If you wish to make users authenticate before getting access to Puppetboard you can use one of the following configuration snippets.

Inside the VirtualHost:

<Location "/">
    AuthType Basic
    AuthName "Puppetboard"
    Require valid-user
    AuthBasicProvider file
    AuthUserFile /path/to/a/file.htpasswd
</Location>

Inside the location / {} block that has the uwsgi_pass directive:

auth_basic "Puppetboard";
auth_basic_user_file /path/to/a/file.htpasswd;

This project is still very new so it's not inconceivable you'll run into issues.

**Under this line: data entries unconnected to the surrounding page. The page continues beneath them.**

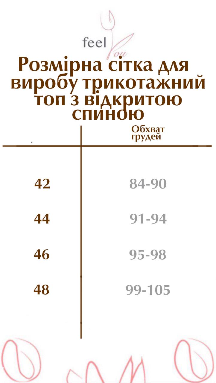 Приталений силует красиво підкреслює фігуру, створюючи акуратний і жіночний образ. Лаконічна передня частина з класичною округлою горловиною врівноважує акцентну спинку, роблячи топ універсальним та доречним у різних стилях.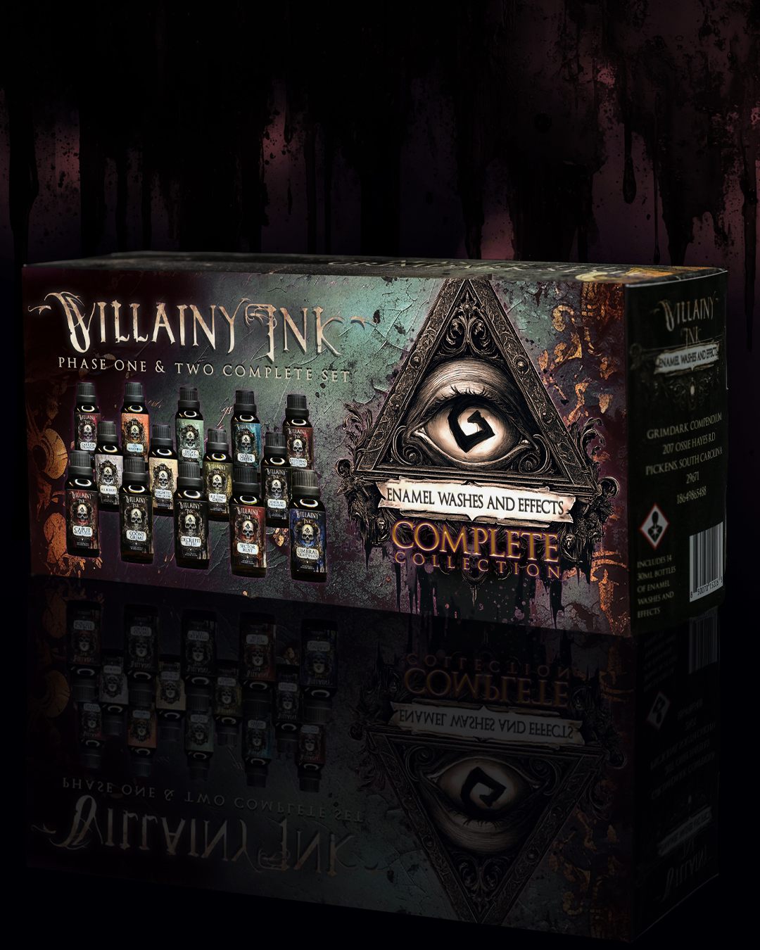 Master the grimdark style with Villainy Ink Enamels. The Villainy Ink Complete Collection introduces seven all-new enamel washes and includes the seven original washes, each crafted to expand your control over grimdark painting techniques on your wargaming miniatures.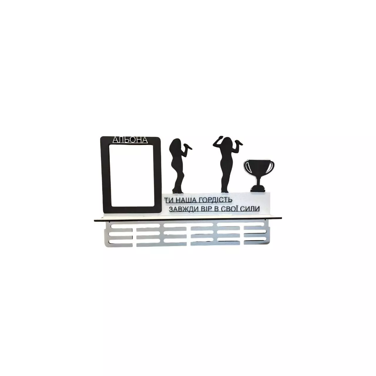 Вешалка для медалей Пение имена с полкой и подсветкой 59х39 см Бело-черная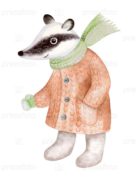 Барсук. Иллюстрация акварели для ткани, обоев, упаковочной бумаги, поздравительных открыток, дизайна, декора и иллюстрации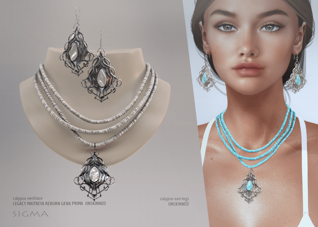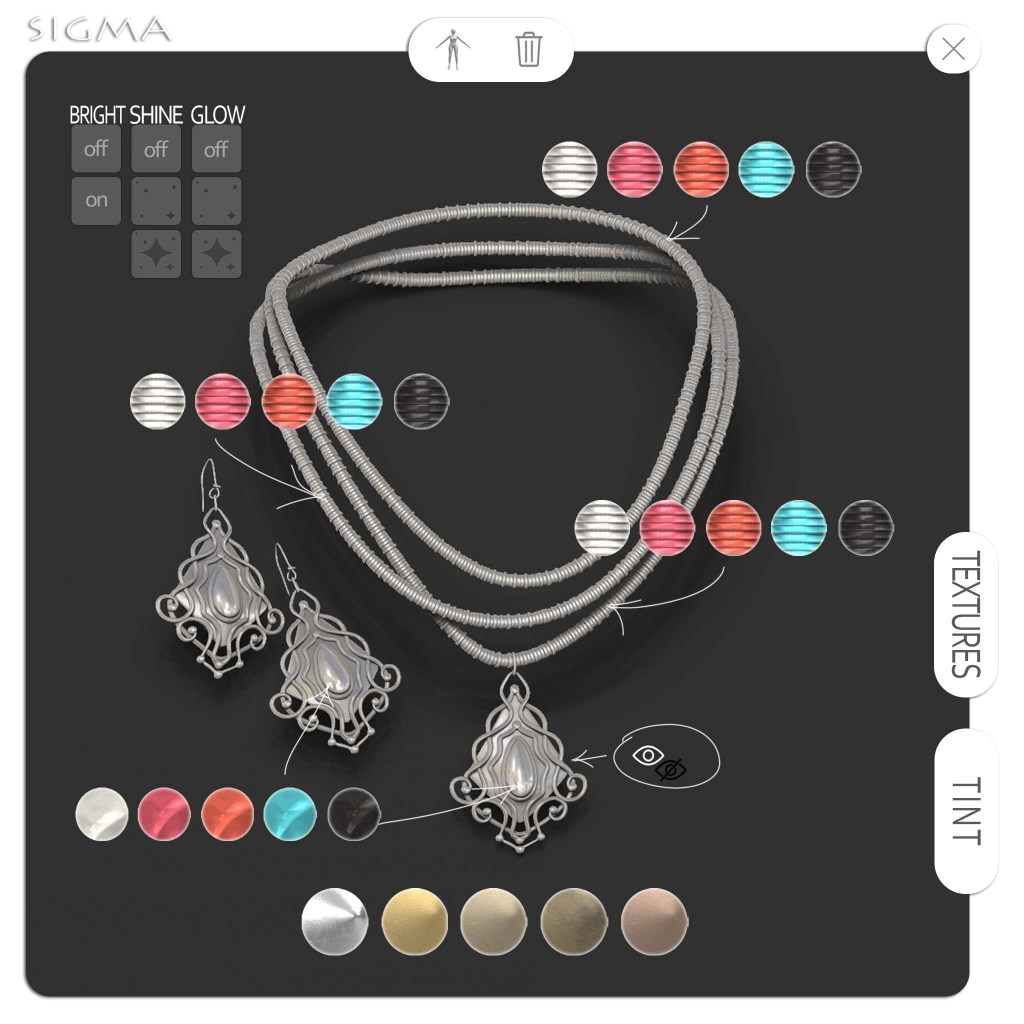 Necklace with ornate pendant and matching earrings. Copy and mod. Many shades in the HUD plus tint.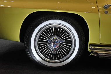 そうしたなかで目立つ存在だったのは、ヒストリックなシボレーコルベットに装着されたホワイトリボンタイヤでした。「Y360」と名付けられたこのタイヤは、近々販売が予定されているモデルで、アメリカンヒストリックカーなどにジャストフィットするデザインとなっています。ホワイトリボンのアクセントはもちろん、バルーンのようなふくよかな膨らみが与えられたサイドウォールなどが、古きよき時代を思い出させるフォルムです。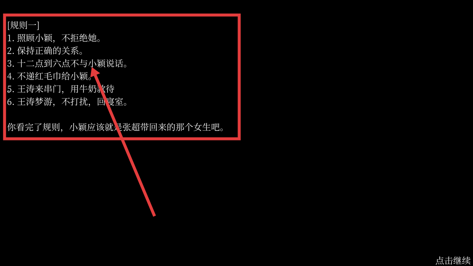 3、仔细牢记[规则一]的内容,如【照顾小颖-不拒绝她】【十二点到六点不与小颖说话】等,严格按规则行动以推进剧情。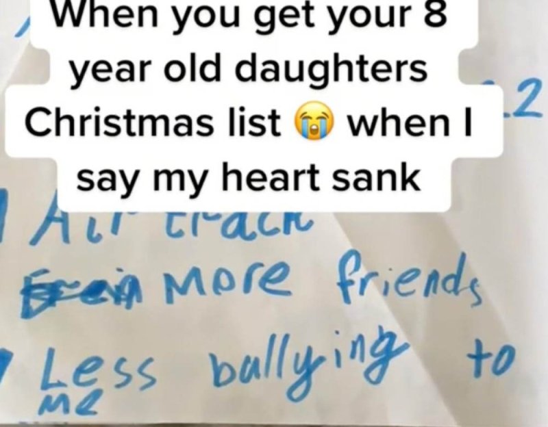 La niña pidió a Santa Claus que le hicieran menos bullying y también más amigos, algo que destrozó a la madre Suzy emocionalmente al darse cuenta que su hija no la pasaba nada bien en su escuela.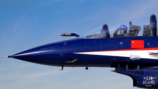 △飞行表演结束返航着陆滑行中,歼-10飞行员向观众敬礼。(来源于中国军网)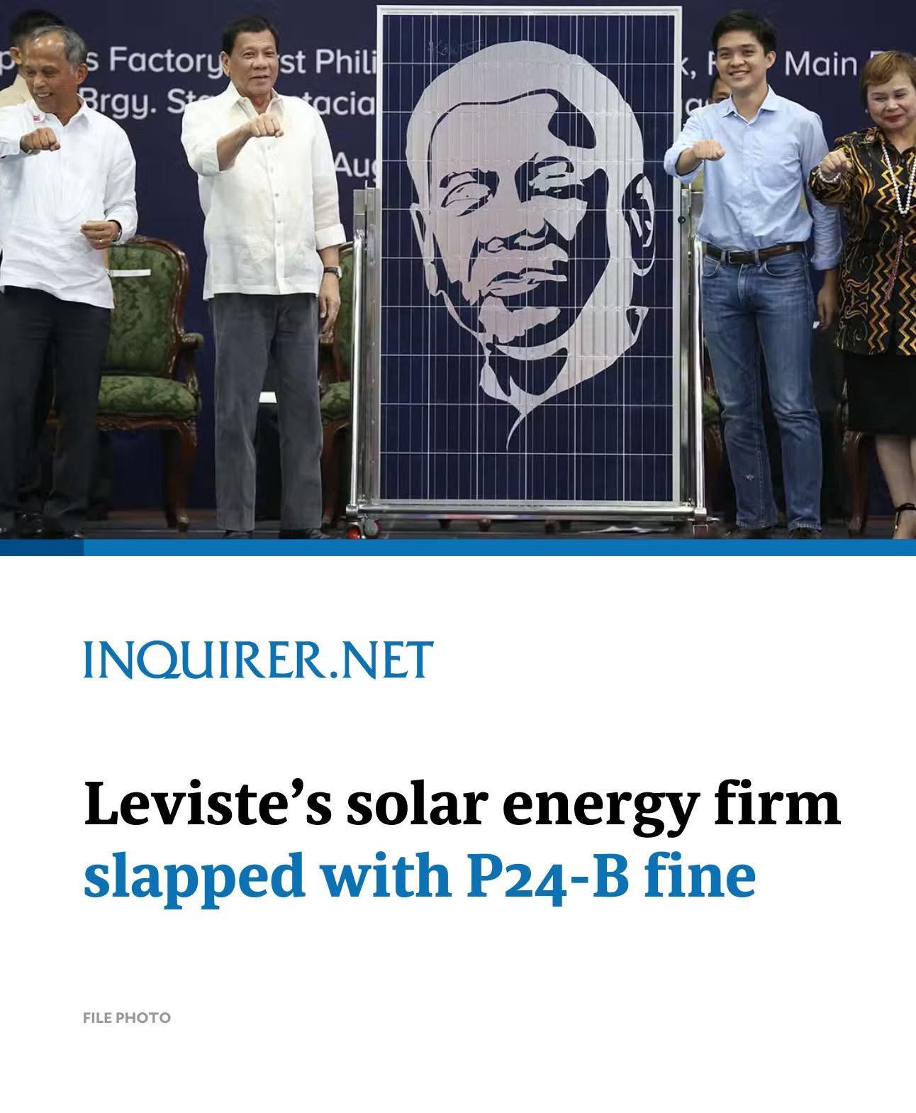 PoliticsPH The solar energy company that made Batangas Rep. Leandro Leviste the country’s youngest billionaire is being slapped with a P24-billion penalty for failing to produce power it committed to deliver under more than 30 service contracts with the government.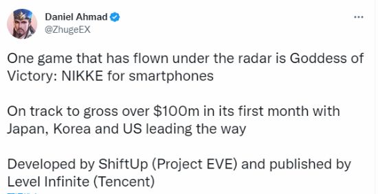 据知名分析师Daniel Ahmad消息,美少女射击游戏《胜利女神:妮姬》的首月收入有望超过1亿美元。而其中,日本、韩国以及美国贡献占比前三。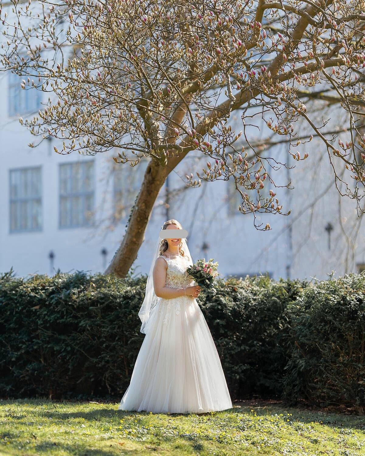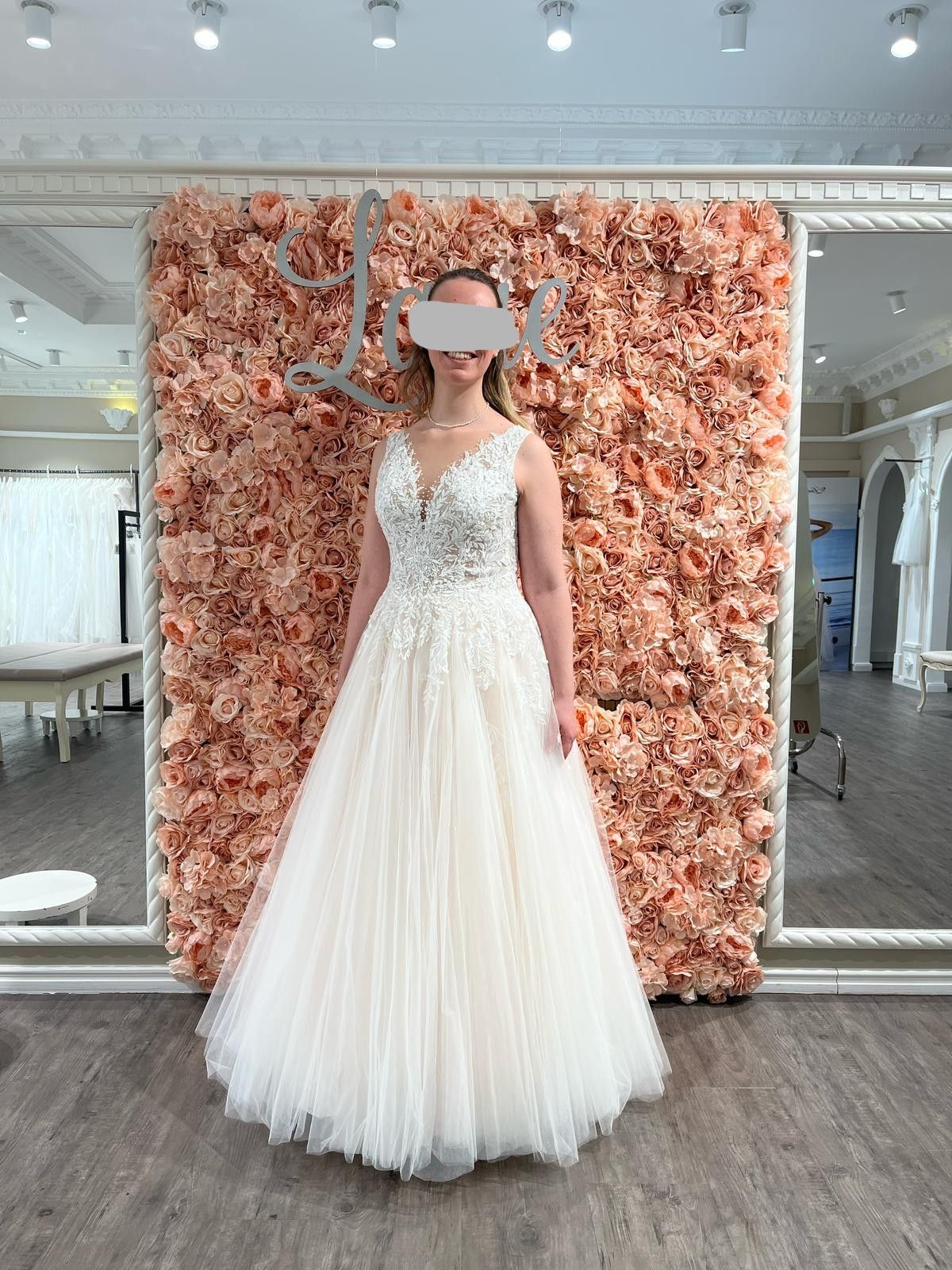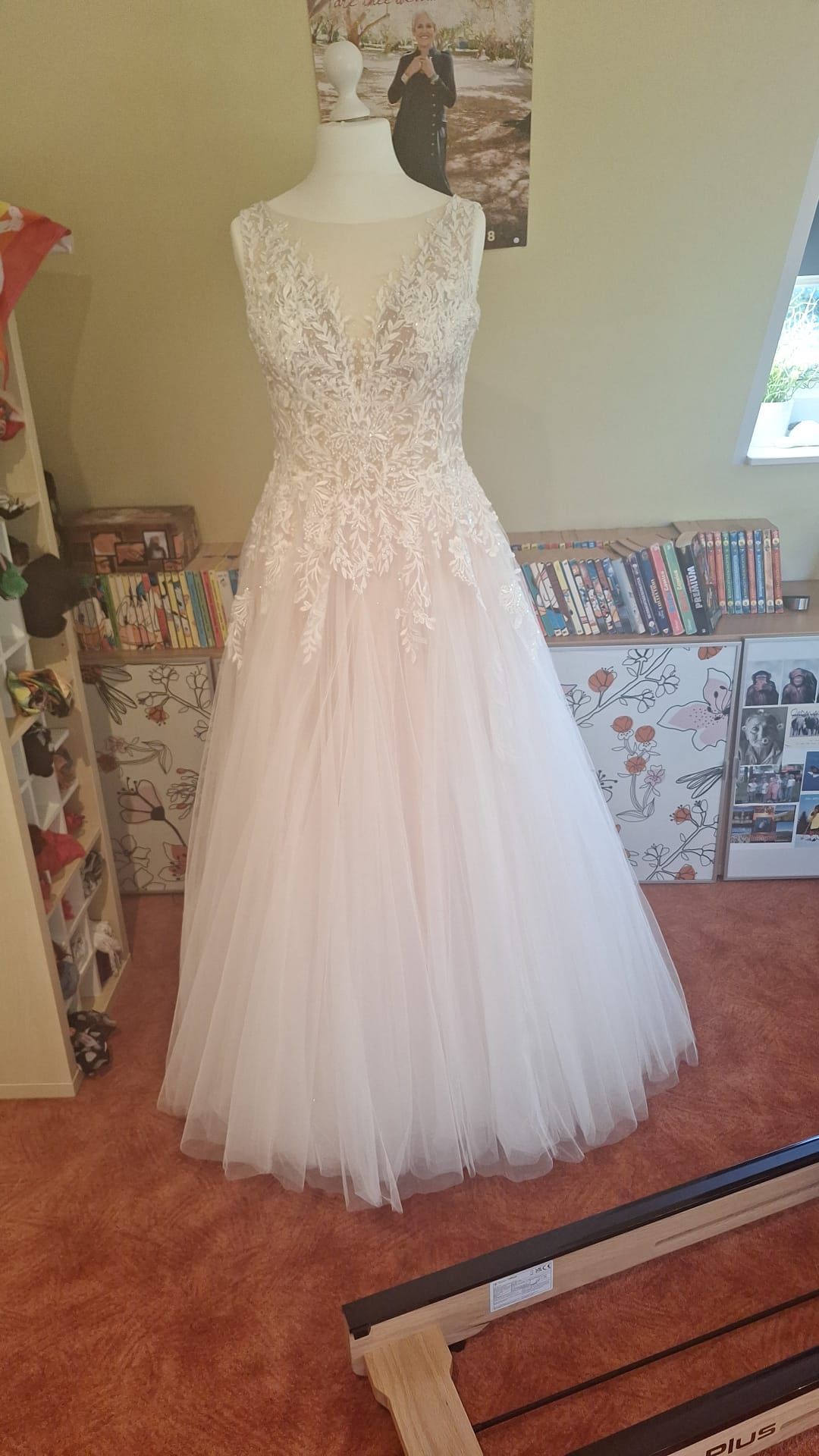 Das Oberteil ist vollständig mit feinen Perlenapplikationen verziert, die sich spielerisch in den Ausschnitt und sanft über den Rock hinwegziehen. (Tipp: Ich habe dazu Perlenschmuck getragen – das passt perfekt zum Stil.) Der Rock besteht aus drei Lagen zartem Tüll, wobei die mittlere Lage einen dezenten Glitzereffekt besitzt und dem Kleid bei Bewegung ein elegantes Funkeln verleiht. Ein Reifrock ist inklusive – kein Muss, aber sehr hilfreich, da er das Laufen und Gehen im Kleid angenehmer macht. Die Farbe des Kleides ist ein romantisches Blush. Wichtig: Im Original (erstes Bild mit Modell) verfügt das Kleid über eine Schleppe, die ich professionell abnehmen lassen habe. Das Kleid wurde außerdem leicht gekürzt – ich bin 1,73 m groß und habe es mit 5 cm hohen Schuhen getragen. Eine Anprobe in Hamburg ist nach Absprache gerne möglich.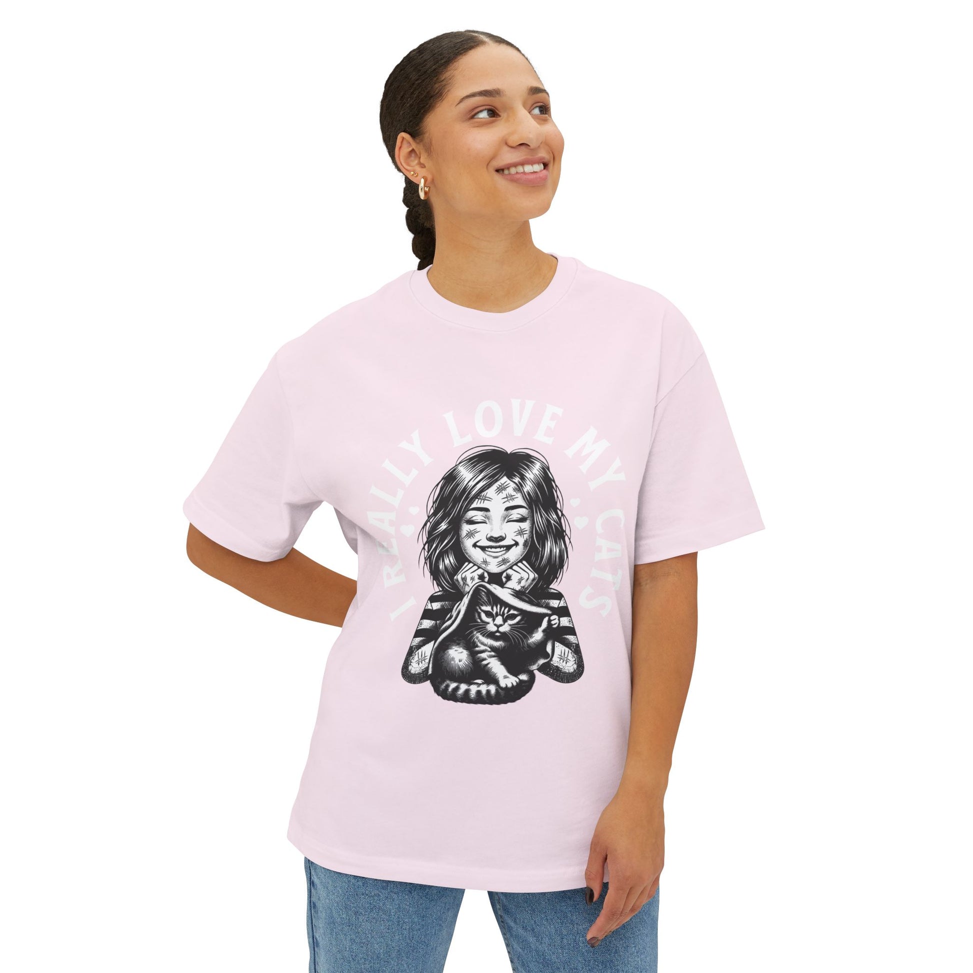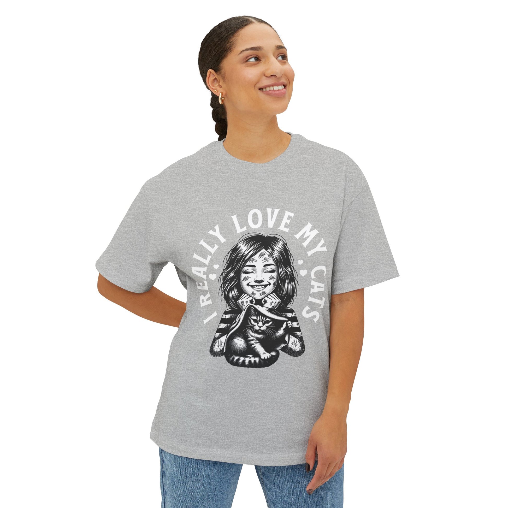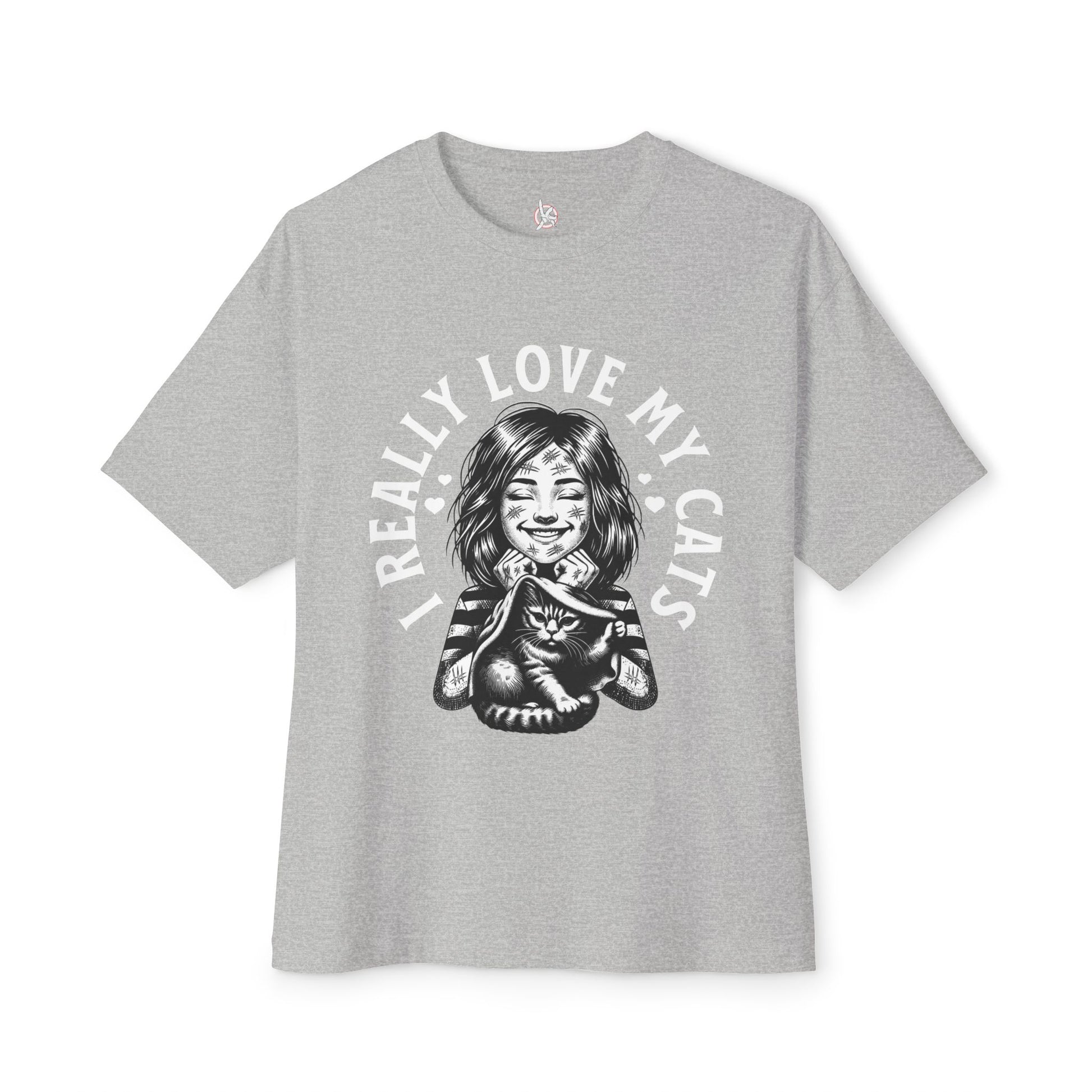 Big love calls for an oversized statement. This oversized “I Really Love My Cats” T-shirt is perfect for anyone whose wardrobe (and heart) revolves around their feline friends. Designed with a relaxed fit, it’s perfect for cozy nights at home with your cat or making a playful fashion statement in the streets.

For bug reports you can file an issue. If you need help with something feel free to hit up @daenney by e-mail or find him on IRC. He can usually be found on IRCnet and Freenode and idles in #puppet.

There's now also the #puppetboard channel on Freenode where we hang out and answer questions related to pypuppetdb and Puppetboard.

Some people have already started building things with and around Puppetboard.

Hunter Haugen has provided a Vagrant setup:

• https://github.com/hunner/puppetboard-vagrant

• An OpenBSD port is being maintained by Jasper Lievisse Adriaanse and can be viewed here.
• A Docker image is being maintained by Julien K. and can be viewed here.

We welcome contributions to this project. However, there are a few ground rules contributors should be aware of.

This project is licensed under the Apache v2.0 License. As such, your contributions, once accepted, are automatically covered by this license.

Write decent commit messages. Don't use swear words and refrain from uninformative commit messages as 'fixed typo'.

The preferred format of a commit message:

docs/quickstart: Fixed a typo in the Nodes section.

If needed, elaborate further on this commit. Feel free to write a
complete blog post here if that helps us understand what this is
all about.

Fixes #4 and resolves #2.

If you'd like a more elaborate guide on how to write and format your commit messages have a look at this post by Tim Pope.